## On the Representation Collapse of Sparse Mixture of Experts
Zewen Chi, Li Dong, Shaohan Huang, Damai Dai, Shuming Ma, Barun Patra, Saksham Singhal, Payal Bajaj, XIA SONG, Xian-Ling Mao, Heyan Huang, Furu Wei
Keywords: 
NeurIPS/2022/Proceedings/53300 - On the Representation Collapse of Sparse Mixture of Experts.pdf
Project URL: 

### Implementation
_Given the documentation given by the authors on the method, how much time investment would it be to re-implement the method from scratch?_

[10]

The authors provide a link in the subtitle of the paper but this link does not work (can't connect). Overview of the method given in figure 1. No implementation given.

### Data
_Given the data description in the documentation, how much effort take to either: Find the same dataset the authors used, or similar datasets and defend the comparability, or acquire one from scratch?_

[5]

(8/9)

The authors state 2 datasets in 4.1 for pretraining data, CCNet with citation but Wikipedia dump is only named. The authors use benchmarks from XTREME namely Universal Dependencies, WikiAnn, XNLI, PAWS-X, MLQA, XQuAD and TyDiQA-GoldP (all citations provided). No details provided on the datasets.

### Configuration 
_Given the (hyper)parameters, including semantic parameters, of the method: How much effort would it take to acquire the algorithm configurations used for their results, and compare against their budgetary constraints?_

[3]

The hyperparameters are detailed in appendix A-C with full tables. No acquisition specified. 

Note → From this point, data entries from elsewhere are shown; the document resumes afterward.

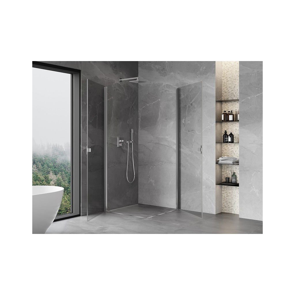 Mexen Mist-B Duo, 2-křídlý výklopný sprchový kout 85 x 85 cm, čiré sklo, chromový profil, 8A2-085-085-01-00
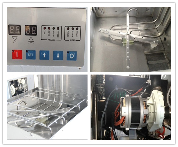 Ø Unusual design of cover closed doors, when pulled up, steam and heat will be kept inside, not releasing out of the dishwashing machine
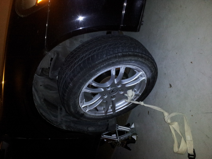 Up to now, everything I've mentioned assumes the top of the wheel is moved out, but remember, it was the bottom of the wheel that was forced IN during the impact. To bend the strut, the wheel had to act as a lever pivoting on the ball joint stud to bend something out on top. That much force could have pushed the control arm mounts in. To find that, measure the distance between the lip of the wheel to the strut body, (purple double arrow), and compare that to the other side. If that distance is greater on the right side, the strut is bent or shifted, or the knuckle is bent. If you find that measurement is the same on both sides, that area is okay and the bottom of the wheel has to have been pushed in. In that case, compare the lower control arm mounts on both sides of the car. Two bolts go through those mounts and rubber bushings that the control arm pivots on. The mounts are just to the right of the yellow arrow. There's a front one and a rear one on each side. Together with the lower ball joint, that arm is a big triangle.
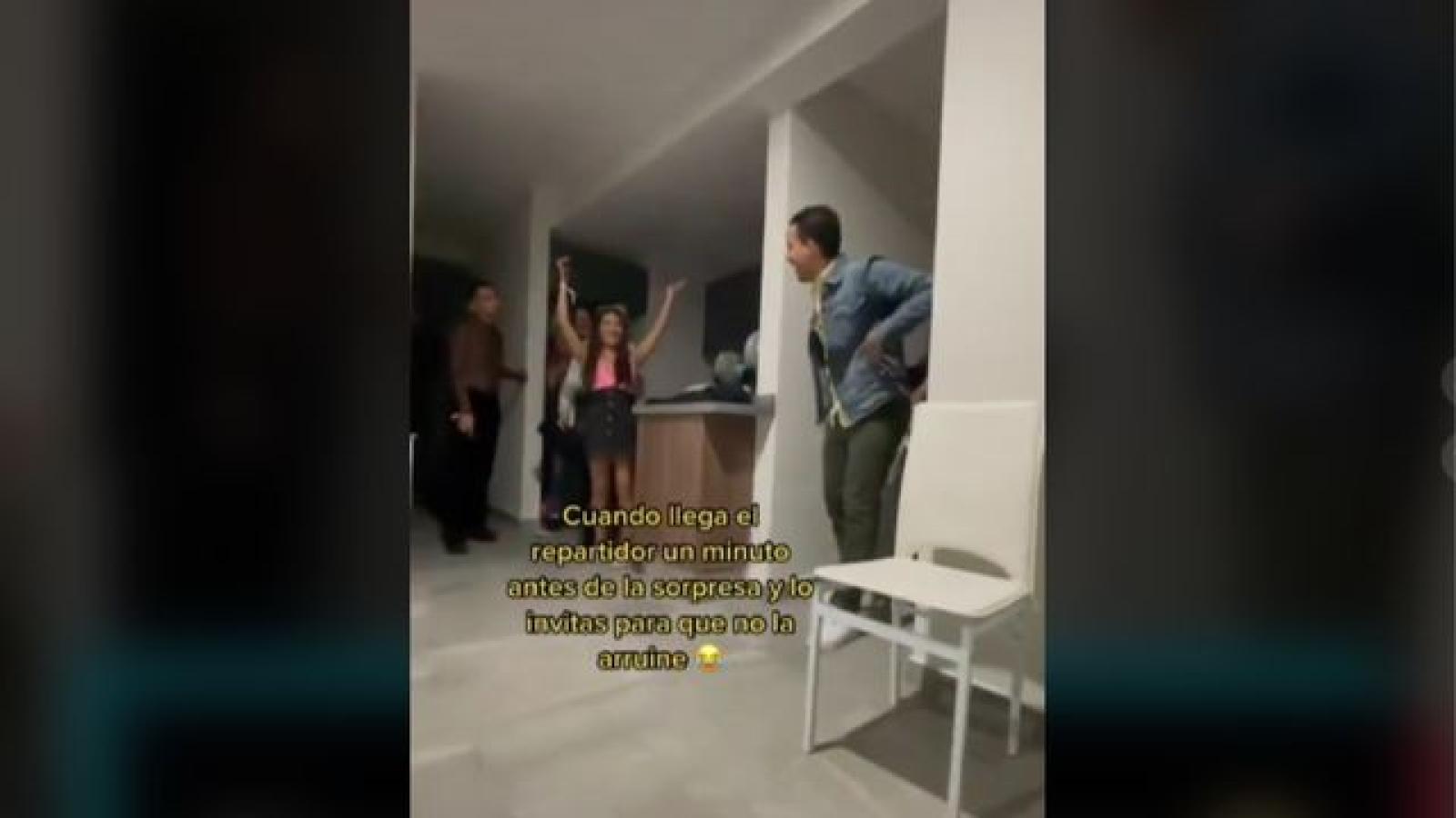 Un divertido video se ha vuelto viral en TikTok donde un repartidor de comida terminó sumándose inesperadamente a una fiesta sorpresa.
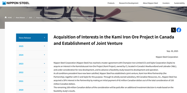 일본의 일본제철(Nippon Steel)이 캐나다 카미(Kami) 철광석 프로젝트의 지분 30%를 매입하고, 호주의 챔피언 아이언(Champion Iron, CIA) 및 일본 종합상사, 소지츠(Sojitz)와 함께 합작 회사를 설립한다고 30일(현지시각) 밝혔다.
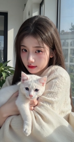 ,zzshanghanghirley,(best quality,4k,8k,highres,masterpiece:1.2),ultra-detailed,(realistic,photorealistic,photo-realistic:1.37),a girl holding a white cat,near window,beautiful detailed eyes,beautiful detailed lips,extremely detailed eyes and face,long eyelashes,white fur,soft lighting,indoor scene,cozy atmosphere,relaxed expression,comfortable clothes,casual pose,gentle gaze,calm demeanor,modern interior,large windows,soft shadows,subtle highlights,soft focus,photography,neutral colors,soft pastel tones,serene ambiance,gentle sunlight,soft textures,high detail,sharp focus,physically-based rendering,vivid colors,bokeh

### Experimental Procedure
_Given the experimental set-up of the work, how difficult is it to set up a new experiment, similar to those presented in the original work, with the same procedure?_

[2]

The authors present their results averaged over 5 runs (random seed). Metrics are F1 score, EM and Perplexity but latter two are not explained.

### Expertise
_How much effort would it take to acquire the expertise required to reproduce the work independently relying on the available documentation?_

[6]

Requires expertise on NLP.